Mientras el mundo no alcance un nuevo equilibrio se producirán los desajustes tantas veces comentados. Y ese equilibrio tardará en alcanzarse, toda vez que el pulso EEUU–China ya ha comenzado y se prolongará por un tiempo. Si a esos desajustes unimos las acciones gubernamentales interviniendo mercados y prohibiendo exportaciones para proteger producción y precios, aún se complicará en mayor medida la redistribución alimentaria.
Todo lo anteriormente expuesto argumenta los crecientes precios agrarios y la dificultad en garantizar la regularidad en el suministro. Hasta ahora, tres eran los factores críticos para el comercio agrario: la temporada, la calidad y el precio. En el concepto calidad se incluían lo saludable, lo sostenible, lo ecológico y demás. A partir de ahora, y de forma muy destacada, habrá que incluir la de garantía de suministro. Los grandes clientes estarán dispuestos a pagar un poco más a quién le garantice un suministro estable y seguro a los precios y calidades acordadas. Esta nueva variable modificará los equilibrios de los mercados a favor de los productores y sus agrupaciones, que serán recompensadas con mejores precios.

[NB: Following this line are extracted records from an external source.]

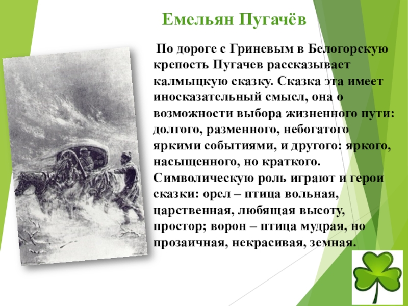 По дороге с Гриневым в Белогорскую крепость Пугачев рассказывает
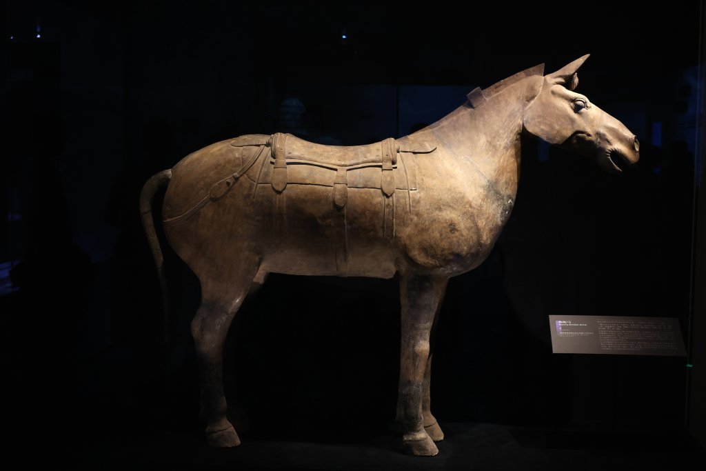 这是在陕西历史博物馆秦汉馆展出的秦陶鞍马(4月15日摄)。
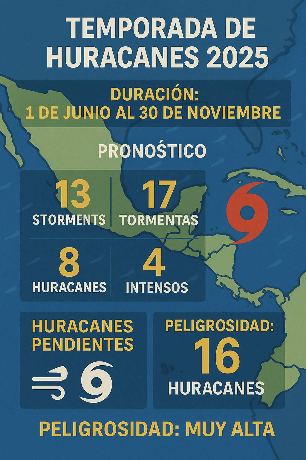 Con base en los pronósticos de la temporada de huracanes 2025, aún se esperan al menos ocho sistemas con nombre que podrían impactar de forma indirecta o directa el centro y sureste del país. De estos, tres presentan potencial alto de peligrosidad para la región de Puebla, particularmente en áreas cercanas a cuencas fluviales y presas.
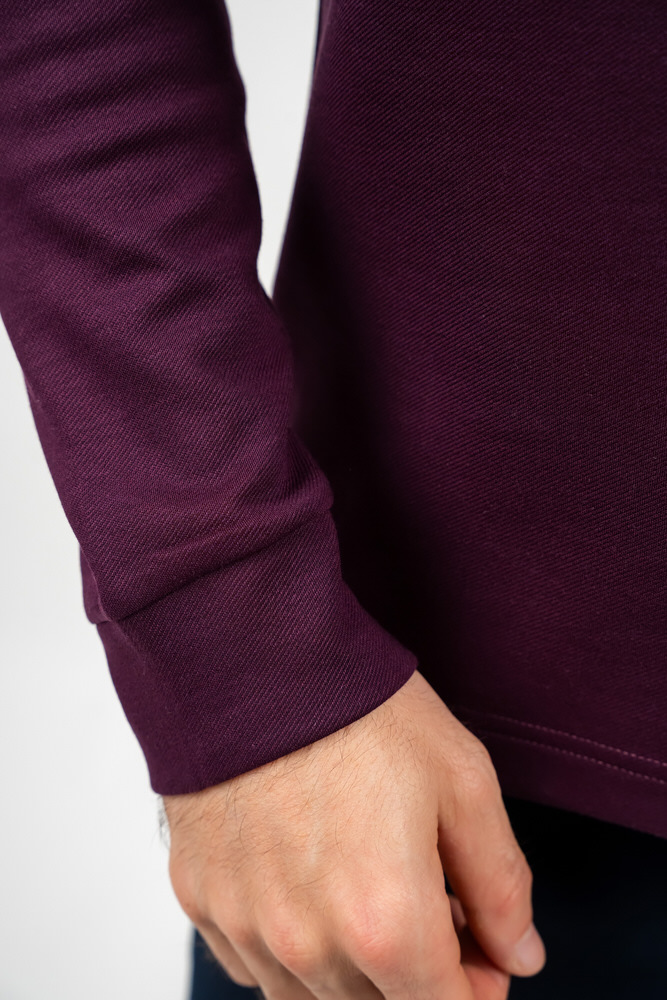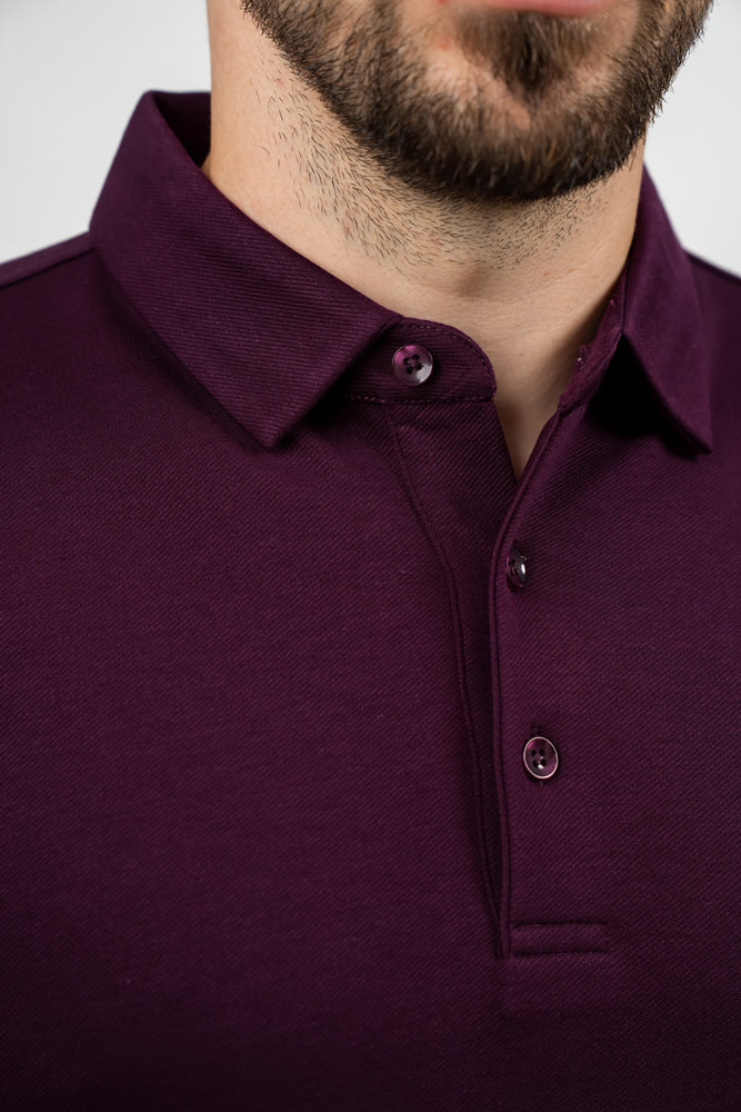 Tricou de culoare coacăză neagră, cu mânecă lungă tip polo și fenta cu trei nasturi.
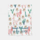 Niedliche Pink Lama's und grüner Kaktus Personalisiert Fleece Blanket für kleine Mädchen. Name des Kindes und Geburtsdatum hinzufügen
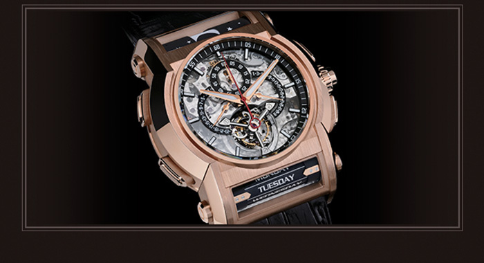 Si recorremos la carátula encontraremos las horas, minutos y el contador de 60 segundos del crono en posición coaxial, mientras que el tourbilon y la indicación del día de la semana aparecen en punto de las 6 h; un sistema retrógrado GMT se exhibe a las 9, mientras que el contador de 60 minutos del cronógrafo y el rodillo de las fases de Luna aparecen a las 12 h, por último, la fecha retrógrada ocupa la posición de las 3 horas.
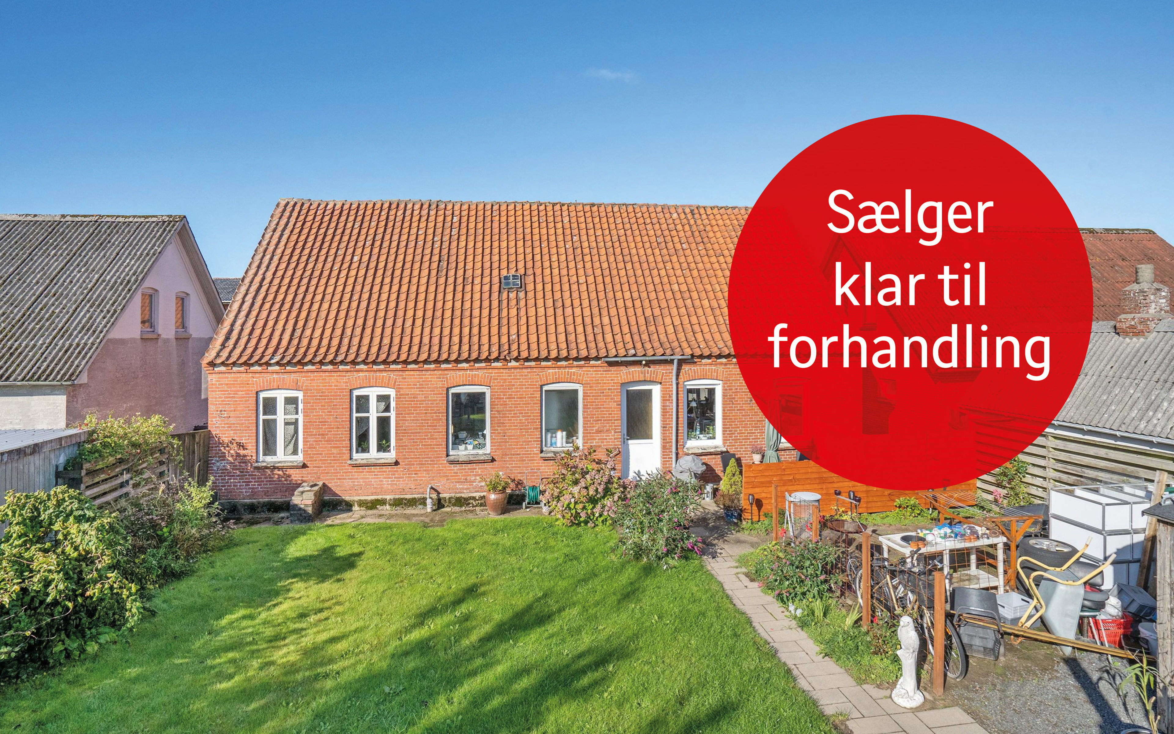 Villaen er muret i røde sten og har indhegnet rummelig have, hvor der er gode mulighed for at lege, slappe af og hygge sig i ugenerede rammer.
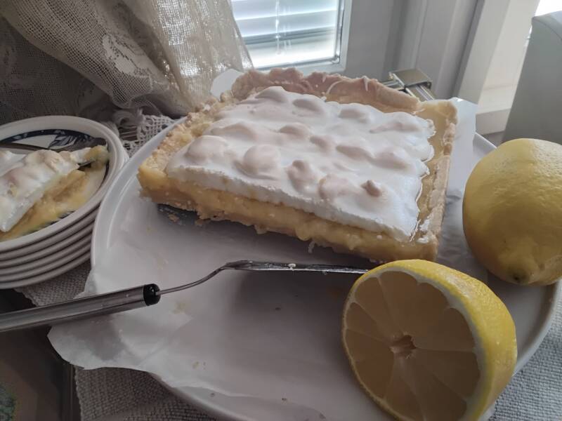 Viikonlopun makeana leivonnaisena on sitruuna-marenkitorttua.
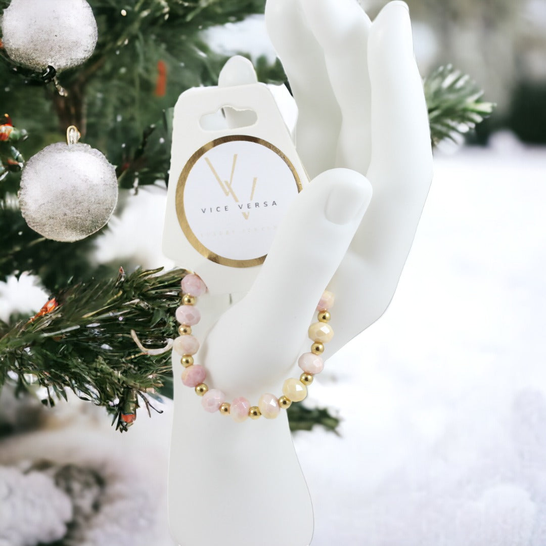 Pink Yellow Color High Quality Faceted Crystal Glass Beads Bracelet.
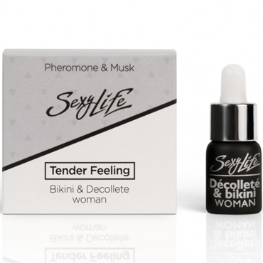 Sexy Life Tender Feeling Bikini & Decolette woman - уникальный продукт с высоким содержанием парфюмерной композиции и максимальной концентрацией феромонов, а также с добавлением мускуса, что делает духи пикантной изюминкой для завершения образа. Результатом использования окажется неуловимый штрих, который при более близких взаимоотношениях может стать решающим при принятии решения, а так же поможет усилить притягательность и придать больше страсти отношениям. Применение: нанести небольшое количество (1-2 капли) на область бикини и/или декольте.
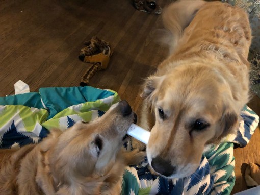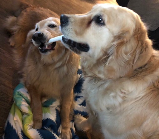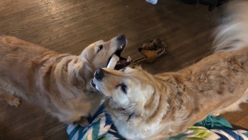 And my sisters are playing tug of war with a chew bone. Any guesses on who won?
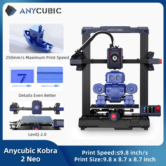 ANYCUBIC Kobra 2 Neo With 9.8in/s Print Speed High Speed FDM 3D Printer LeviQ 2.0 Auto-leveling 3D Printing
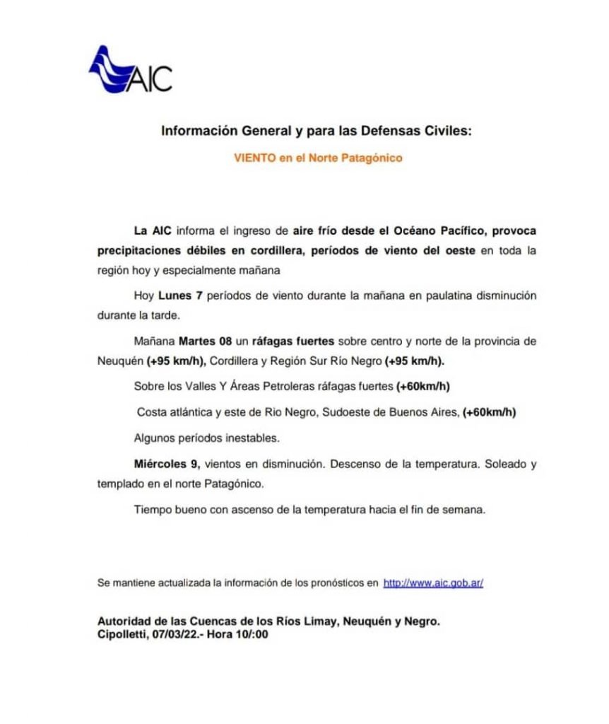 La Autoridad Interjurisdiccional de Cuencas –AIC- advirtió sobre el viento para esta tarde con ráfagas que pueden llegar a los 95 kilómetros por hora.
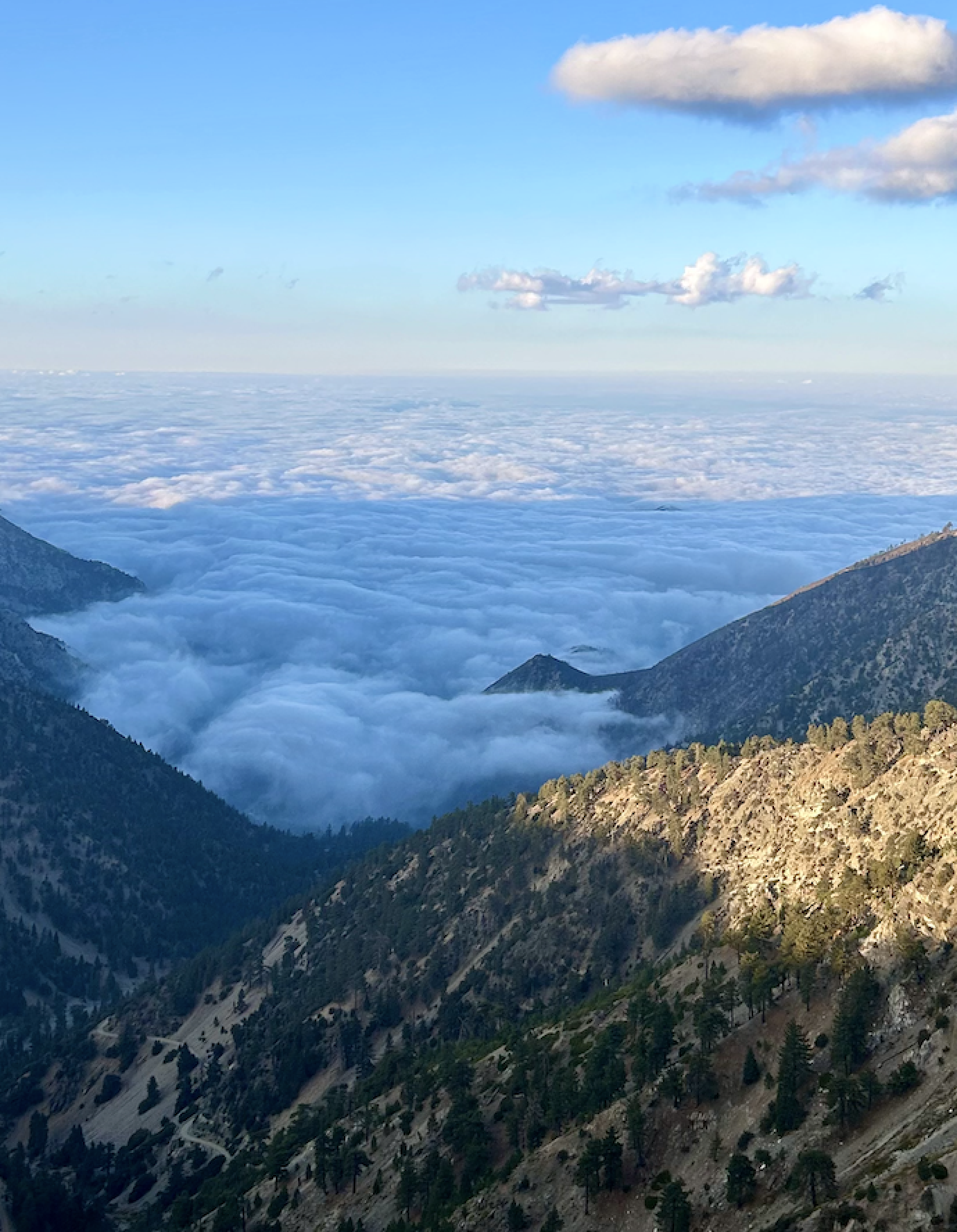 Upon reaching the Notch, runners transition onto the legendary Devil’s Backbone Trail — a dramatic ridgeline traverse known for its exposure and breathtaking sightlines. With steep drop-offs on either side, this section demands focus and sure footing as the summit block rises ahead with every step along the spine. The final push to the top of Mt. San Antonio is both grueling and inspiring. At 10,064 feet, runners are rewarded with sweeping panoramic views that can stretch from the Mojave Desert to the Pacific Ocean on clear days — a true summit in every sense.
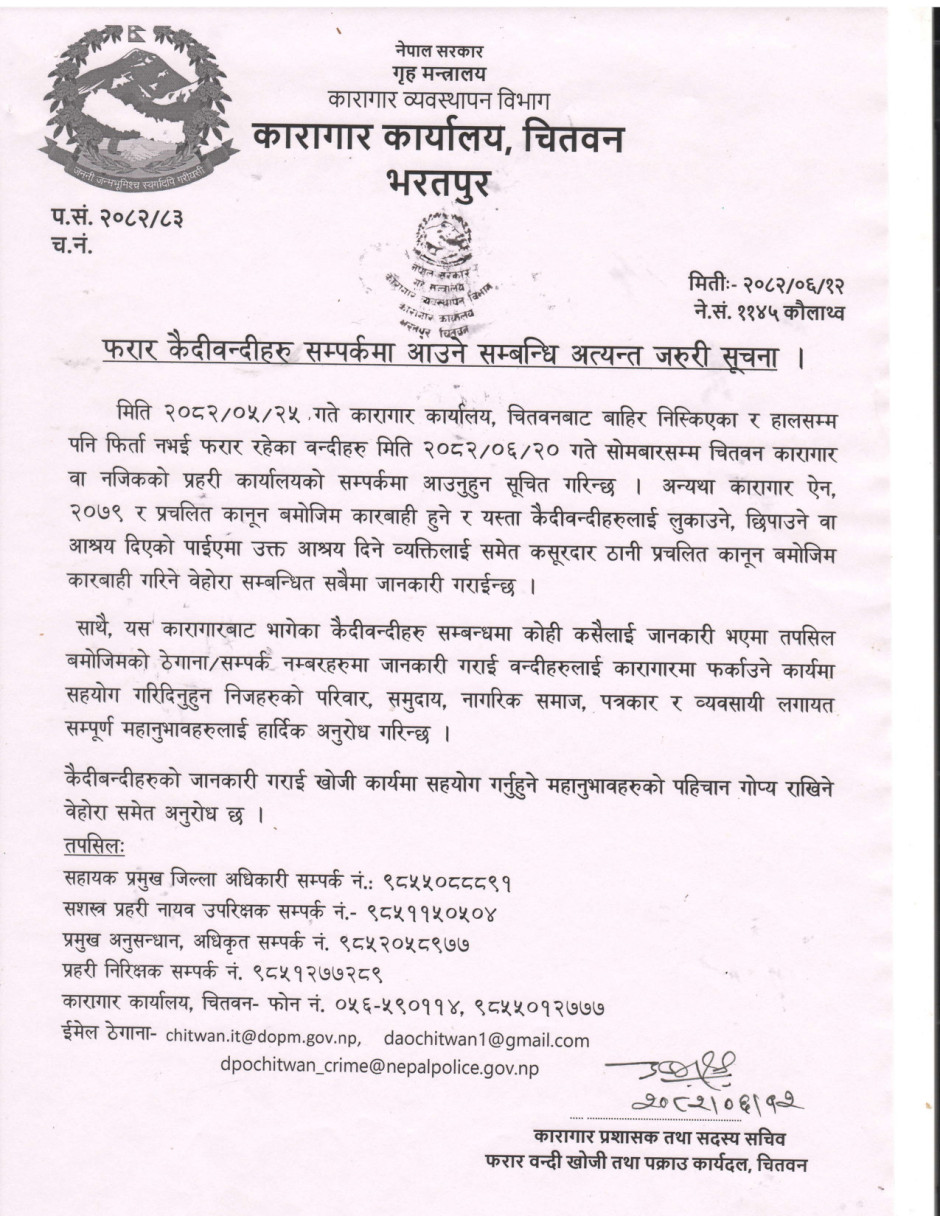 फरार कैदीबन्दी सम्पर्कमा आउने सम्बन्धी कारागार कार्यालय, भरतपुरको सूचना
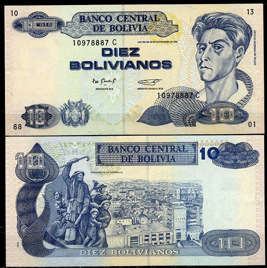 -Боливия 10 боливиано 1986 (1995) серия C, Сесилио Гусман де Рохас, TDLR Pick 216 a бумага UNC (пресс) 451-778-1АргентинаСШАКолумбияКоста-РикаКубаМексикаНидерландские АнтилыНикарагуаПарагвайПеруСуринамКанадаТринидад и ТобагоУругвайЧилиЭквадорЯмайкаВосточно-Карибские штатыГренландияКаймановы островаБермудские острова (Бермуды)Багамские островаДоминиканская РеспубликаБарбадосБелизБразилияВенесуэлаГаитиГайанаГватемалаГондурасДругие страны
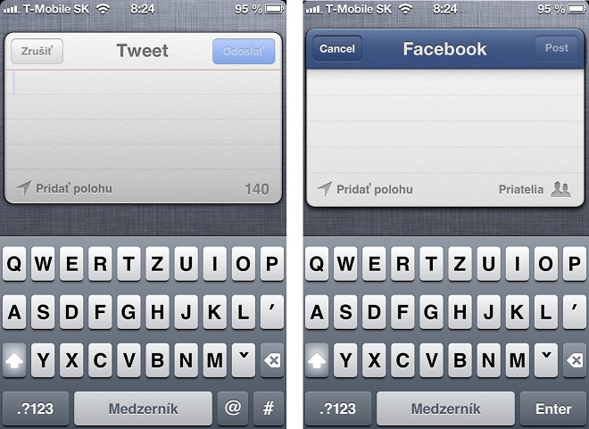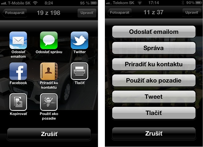 - Možnosti zdieľania (vľavo iOS 6, vpravo iOS 5.1.1)
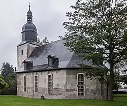 Der Grundstein für die Saalkirche wurde am 16. Mai 1738 gelegt. 1743 wurde der Bau fertiggestellt, eingeweiht aber erst 1760. Das mit einem schiefergedeckten Satteldach bedeckte Langhaus hat einen dreiseitigen Abschluss im Osten, im Westen steht der Turm, auf dem eine achtseitige Haube sitzt, die von einer offenen Laterne mit Turmkugel bekrönt ist. Die Glocke befindet sich in dem frei stehenden Glockenturm.
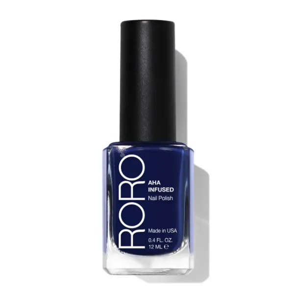 Roro850023300027RO47963WMRH000101Tmavý a bohatý odtieň modrého laku Why so blue zvýrazní nechty a skrášli vďaka obsahu AHA kyselín. Je cruelty-free a bez lepku.
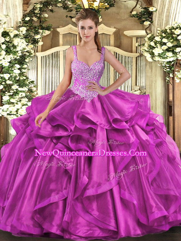 Most Popular Fuchsia Sleeveless Organza Lace Up 15th Birthday Dress for Military Ball and Sweet 16 and Quinceanera

Y, por si fuera poco, la alimentación será considerada como un arma geopolítica más, lo que forzará a los bloques a disponer de reservas estratégicas en previsión de posibles carencias. El acumular estas reservas cebará, aún más, los desajustes entre oferta y demanda tantas veces reseñados en estas líneas.
La alimentación adquiere, pues, auténtico protagonismo internacional. Y en Europa tenemos una oportunidad en estos momentos en los que se están negociando la nueva PAC, que deberá ser sensible a la nueva realidad que nos desborda. Además de las prioridades de seguridad y calidad alimentaria y del fomento del desarrollo local, tendrá que introducir los principios de garantía de suministro y reservas estratégicas, lo que significará, de alguna manera, una reorientación productivista, después de haber primado durante décadas el abandono de tierra para luchar contra los excedentes. Los fondos de inversión agraria y los nuevos conceptos de foodtech también llamarán a la puerta de la PAC, pero no parecen estar por ahora invitados a la fiesta.
Los profesionales agrarios – agricultores, técnicos e investigadores – estarán, a buen seguro, al nivel de responsabilidad que se le exige. Las carencias no se deberán a ellos. Los desajustes en un mundo que aún tardará en asentarse ante los vaivenes del siglo serán los auténticos responsables del desaguisado. La venganza del campo era segura y ya la tenemos entre nosotros.